Interventional News has learned that the UK CAVA trial, a four-way randomised controlled trial of long-term venous access devices for the delivery of chemotherapy (Ports versus tunnelled central lines versus peripherally inserted central catheters) has begun.
The CAVA (Cancer and venous access) trial seeks to determine which device—subcutaneously tunnelled central catheters (Hickmans), peripherally inserted central catheters (PICCs) or implantable chest wall ports (Ports)—offers the best outcome from safety, clinical effectiveness and cost-effectiveness perspectives. The trial will randomise 2000 patients over three years and will be the world’s largest venous access trial.
There is currently no evidence-based guidance to help choose between these devices and the decision-making processes behind choice of device, which varies from centre to centre, is poorly understood.
The four-way randomisation is divided into PICC vs. Port (superiority design) in one arm, PICC vs. Hickman (inferiority design) in the second arm, Port vs. Hickman (superiority design) in the third arm and Port vs. PICC vs. Hickman. “This covers all eventualities; i.e. if a patient is not suitable for one device, (for instance, haematologists generally do not like Ports) then they can still be randomised into one of the other arms,” said Moss.
The investigating team in Glasgow, led by Jon G Moss, Interventional Radiology Unit, NHS Greater Glasgow and Clyde, Gartnavel General Hospital, Scotland, say venous access is seen by many interventionalists as a low key topic increasingly delegated to nurse practitioners and falling well below, for example, aortic stent grafting in the “wow” factor. However the National Institute of health Research (NIHR) took a different view and in 2011 put out a commissioned call for research to compare PICCs, Hickmans and Ports in patients receiving chemotherapy of more than 12 weeks duration.
“Interventional radiologists must engage with venous access. Although its bread and butter stuff it is a very high activity sport, important to patients and healthcare systems worldwide. EVAR and TEVAR might make the headlines for doctors and a small number of patients, venous access impacts on millions of patients. In this high tech world, it is the EVARs and TEVARs that take the limelight, but interventional radiologists must not ignore venous access— it is a duty to millions of patients,” Moss told Interventional News.
The National Chemotherapy Advisory Group estimated approximately 65,000 chemotherapy programmes per year and Hospital Activity Data for England reported 425,000 deliveries of chemotherapy for cancer in the year 2009–2010.
The trial has randomised 32 patients from Glasgow, Manchester, Leeds and Newcastle to date. “Birmingham and Durham will open recruitment shortly and St George’s will join as the London site,” Moss added. He explained that the centres have all been chosen because of the significant number of venous access devices they use plus their strong commitment to a research ethic and deliverability.
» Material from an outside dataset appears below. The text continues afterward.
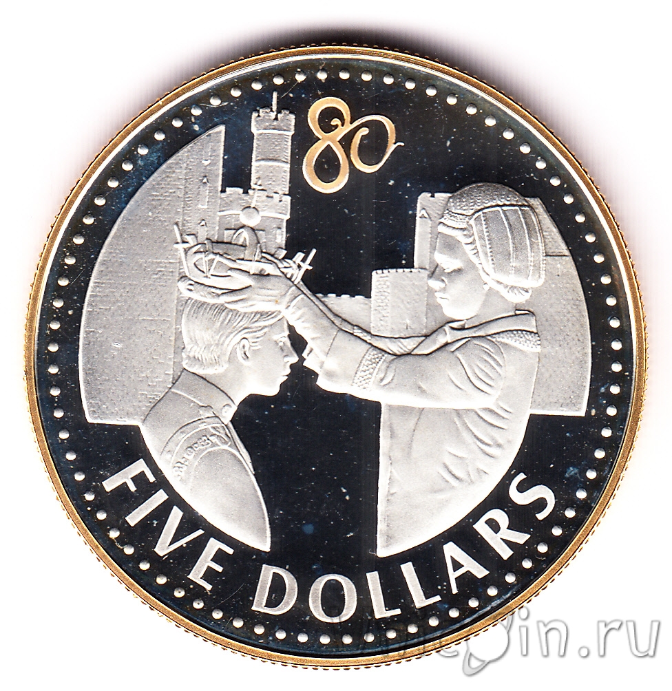 Каймановы острова 5 долларов 2006 г. 80-летие со дня рождения королевы Елизаветы II.
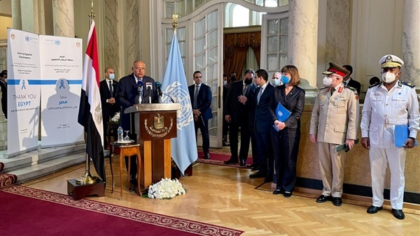 Ägypten trägt derzeit mehr als 3.000 Frauen und Männer bei, die ihre Funktionen unter der Schirmherrschaft von der Vereinten Nationen, sagte Choukry in einer Rede bei der Zeremonie, die anlässlich des Internationalen Tages der Friedenstruppen der Vereinten Nationen im El-Tahrir-Palast in Anwesenheit von UN-Beamten und Vertretern der Ministerien für EA, Verteidigung und Inneres gehalten wurde sowie in Ägypten akkreditierte ausländische Botschafter.

“The dominant strategy at present is a Hickman, followed by PICC with Ports being used infrequently. There is a gradual shift away from Hickman towards PICC in some centres which may be due to evolving nurse-led delivery. Ports offer many potential advantages which include fewer complications, less maintenance, reduced treatment interruption, improved quality of life and patient satisfaction. However Ports are the most expensive device and their cost-effectiveness is unknown. It is likely that the initial cost and the slightly more complex insertion procedure is limiting usage. The decision-making processes behind choice of device is poorly understood and varies from centre to centre. In addition to clinical factors, the views of the oncologist, nurse or radiologist, the availability of staff, cost pressures and who places the device all play an unknown role. Currently there is no evidence-based guidance to help choose between them. Venous access services are evolving and there is an increasing input from dedicated nurse specialists. In some of the more proactive centres, these nurses will discuss the options with a patient and then place the device. This nurse-driven service is usually under the supervision of either anaesthetists or interventional radiologists. Surgeons rarely have any significant input in UK practice,” the investigators write.